EXTERNALIDADES DO MAL

“No início, discretamente aquele esgoto imenso a céu aberto se fez. Oriundo de um cano estourado, na esquina da rua da miséria com a avenida estupidez”. O trecho acima destacado inicia a canção ‘Tudo que não era esgoto’, de Jay Vaquer, que será a guia do texto que se inicia, porque a meu ver o compositor tratou dos efeitos do mal, na sociedade, com clareza invejável. Dessa forma, toda vez que encontrarem frases entre aspas serão partes desta canção.

Antes de me dedicar às consequências da abertura do esgoto, nas últimas eleições presidenciais, gostaria de esclarecer o que significa para nós administradores públicos o termo externalidade. 

Externalidade é o nome que damos aos impactos indiretos das políticas públicas. Por exemplo, quando uma política em defesa das mulheres é bem elaborada e com a sua execução ocorre a diminuição dos casos de violência de gênero, além dos benefícios diretos às mulheres e às suas famílias, os setores da saúde,  da assistência social,  da justiça e da segurança e até as finanças do Estado são positivamente impactados com a diminuição da demanda, e em consequência toda a sociedade acaba indiretamente sendo beneficiada. A isso chamamos de externalidades positivas.

As externalidades também podem ser negativas e a gestão desastrosa da pandemia da Covid 19, no Brasil, é um exemplo rico delas.  A condução da política da saúde para enfrentamento da pandemia não apenas matou no país uma proporção maior de pessoas que no resto do mundo como, indiretamente, também promoveu o aumento da evasão escolar e daquilo que a UNICEF chama de pobreza de aprendizagem, que gera deficiências futuras de produtividade; impôs perdas no nível de renda que somadas a alta da inflação resultou em insegurança alimentar para a maioria dos brasileiros e na volta do país ao mapa da fome; além do horror a que todos nós fomos submetidos com imagens de pessoas morrendo por falta de oxigênio e sendo enterradas em valas coletivas. Na verdade, aqui não estão presentes apenas externalidades negativas. A gestão da pandemia da Covid 19 é um dos exemplos mais cruéis de desrespeito à dignidade humana da nossa história, somente comparado aos rituais de tortura dos governos militares.

Esclarecido o termo, passo para a dolorosa tarefa de tentar entender no que o bolsonarismo está tentando nos transformar e considero o caso do ex-deputado Roberto Jefferson ideal para isso, porque nos mostra que depois de quase quatro anos de governo Bolsonaro “a vala foi ficando muito à vontade. Crescendo e aparecendo na comunidade”. 

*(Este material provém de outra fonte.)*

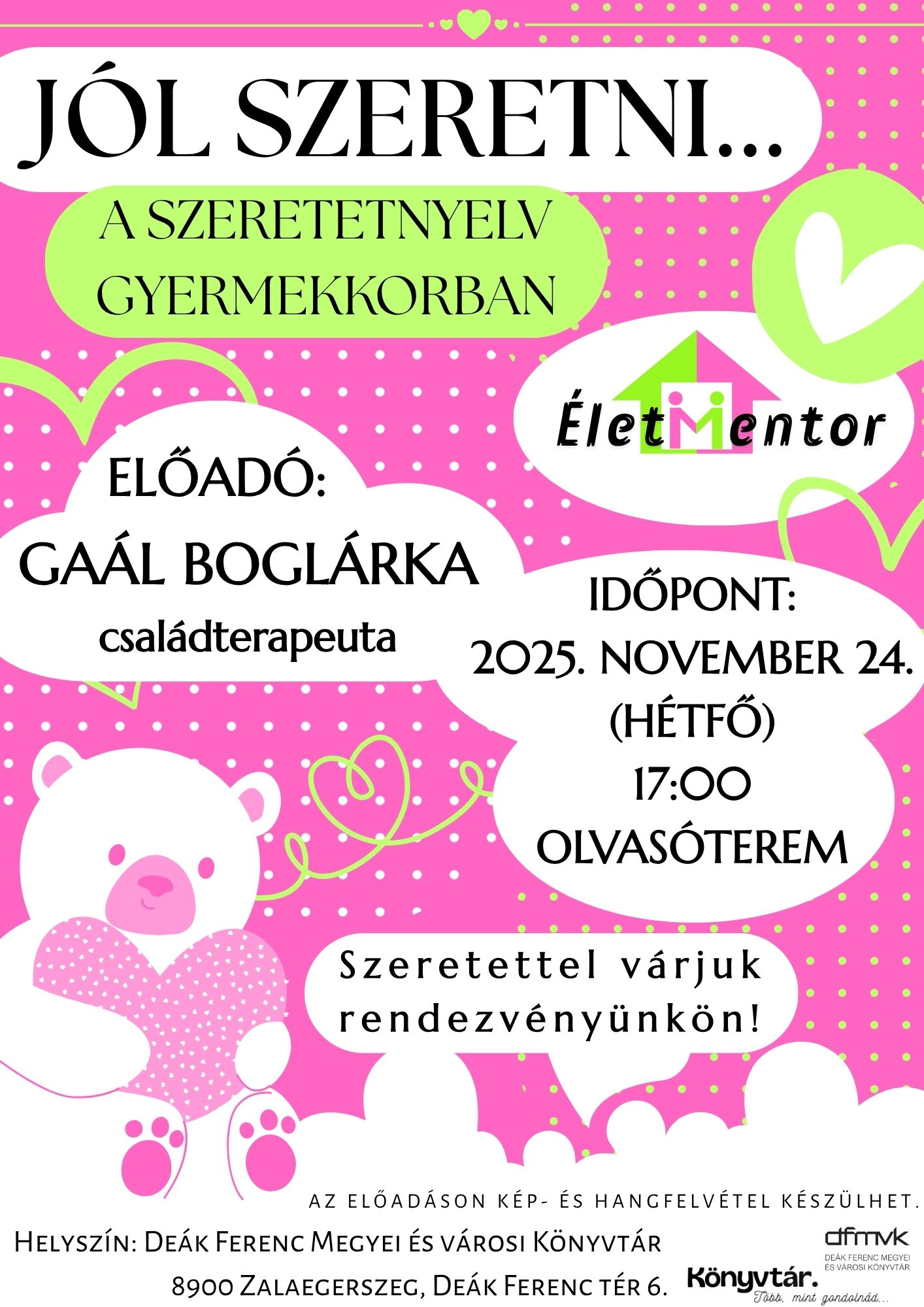 szeretni… - Szeretetnyelv a gyermekkorban/*. Előadó: *Gaál Boglárka*
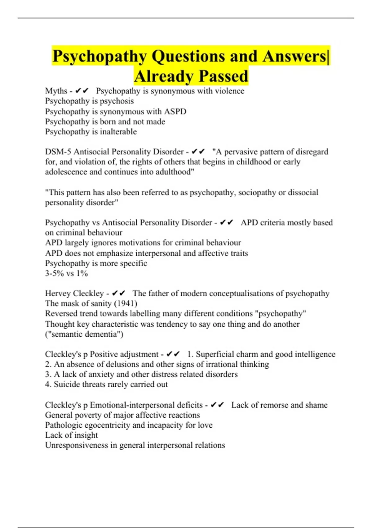 Myths - Psychopathy is synonymous with violence Psychopathy is psychosis Psychopathy is synonymous with ASPD Psychopathy is born and not made Psychopathy is inalterable DSM-5 Antisocial Personality Disorder - "A pervasive pattern of disregard for, and violation of, the rights of others that begins in childhood or early adolescence and continues into adulthood" "This pattern has also been referred to as psychopathy, sociopathy or dissocial personality disorder" Psychopathy vs Antisocial Personality Disorder - APD criteria mostly based on criminal behaviour APD largely ignores motivations for criminal behaviour APD does not emphasize interpersonal and affective traits Psychopathy is more specific 3-5% vs 1% Hervey Cleckley - The father of modern conceptualisations of psychopathy The mask of sanity (1941) Reversed trend towards labelling many different conditions "psychopathy" Thought key characteristic was tendency to say one thing and do another ("semantic dementia") Cleckley's p Positive adjustment - 1. Superficial charm and good intelligence 2. An absence of delusions and other signs of irrational thinking 3. A lack of anxiety and other distress related disorders 4. Suicide threats rarely carried out Cleckley's p Emotional-interpersonal deficits - Lack of remorse and shame General poverty of major affective reactions Pathologic egocentricity and incapacity for love Lack of insight Unresponsiveness in general interpersonal relations Cleckley's P Behavioural deviance - Unreliability Untruthfulness and insincerity Poorly motivated antisocial behaviour Poor judgement and failure to learn from experience Fantastic and uninviting behaviour with drink and sometimes without An impersonal, trivial and poorly integrated sex life A failure to follow life plans Hare's Psychopathy - Drew on Cleckley's ideas Cleckley's clinical profile too vague for reliable diagnosis Argues that some of Cleckley's features contradict each other The Psychopathy Checklist (PCL) - Psychometric Measurement Hare developed PCL in 1980 (22 items) Based on Cleckley's original descriptions revised 1985 (20 items) = PCL-R Scored by trained psychologist File ratings, interview with client Each item scored 0, 1 or 2 If total 30+/40 = "psychopath" PCL-R FACTOR 1: Interpersonal /affective items (personality) - 1 Superficial charm 2 Grandiose sense of self-worth 4 Pathological lying 5 Manipulative 6 Lack of remorse or guilt 7 No emotional depth 8 Callous 16 Failure to accept responsibility for own actions PCL-R FACTOR 2: Lifestyle, Antisocial items (behavioural) - 3 Need for stimulation/easily bored 9 Parasitic lifestyle 10 Poor behavioural controls 12 Early behaviour problems 13 Lack of realistic long-term goals 14 Impulsivity 15 Irresponsibility 18 Juvenile delinquency 19 Probation, parole or other conditional release violation 20 Criminal versatility Non Factorial - 11 Promiscuous sexual behaviour 17 Many short-term marital relationships Correlates PCL-R of F1 and F2 - PCL-R F1 is positively associated with narcissism, low empathy, social dominance, and negatively associated with negative emotionality (e.g. depression) PCL-R F2 is associated with impulsivity, drug problems, early criminal behaviour and aggression.

Atingida pelas ofensas à Ministra Carmen Lúcia e pelas imagens das granadas e tiros de fuzil disparados pelo ex deputado contra os policiais, não pude deixar de lembrar que esse mesmo homem, anos atrás, no Governo Lula, ao perder o mandato e ser preso, administrou as adversidades do momento cantando ópera. O caminho da arte às armas mostra o grave estado de putrefação sob o qual se encontra o ex-deputado, que pode ser percebido como externalidade do modelo de gestão adotado pelo governo central, que legitima a submissão da vida pela morte.

Há uma gigantesca diferença no comportamento de Jefferson. No passado, na iminência de perder o mandato e ser preso, afirmou que se tudo perdesse viraria cantor. No presente, fortemente armado e visivelmente descontrolado, age como um cão raivoso.

 Anos atrás submeteu-se às decisões políticas e judiciais e lutou com os instrumentos legais, próprios da democracia, para tentar recuperar a sua liberdade e seus direitos políticos. Hoje, impõe aos brasileiros cenas grotescas de incivilidade e desrespeito às instituições, tornando-se um propagador das ideias de Bolsonaro que, conforme disse a jornalista Mônica Bergamo,  repercutindo falas de assessores da presidência, prefere morrer a ser preso e, em situação semelhante, também receberá os agentes do Estado embaixo de bala. 

O mal exemplo “se espalhou, dominou, tomou conta de todo o país. Na sarjeta imunda, orgulho entranhado até criando raiz. Podridão difundida, patrimônio cultural e quem não curtisse aquilo, era débil mental”. Não curtir a degeneração implantada conscientemente no país tem levado cristãos a serem perseguidos, dentro dos templos, em razão de não aceitarem suas igrejas pregarem um cristianismo sem Cristo. Não curtir a degeneração tem levado a multiplicação de assassinos e vítimas.  Não curtir a degeneração tem levado ao afastamento de familiares. Não curtir a degeneração tem impedido parcerias na produção de produtos e na oferta de serviços. Enfim, o bolsonarismo tem imposto um custo ao Brasil difícil de ser calculado, porque “tudo que não era esgoto, agora fede”.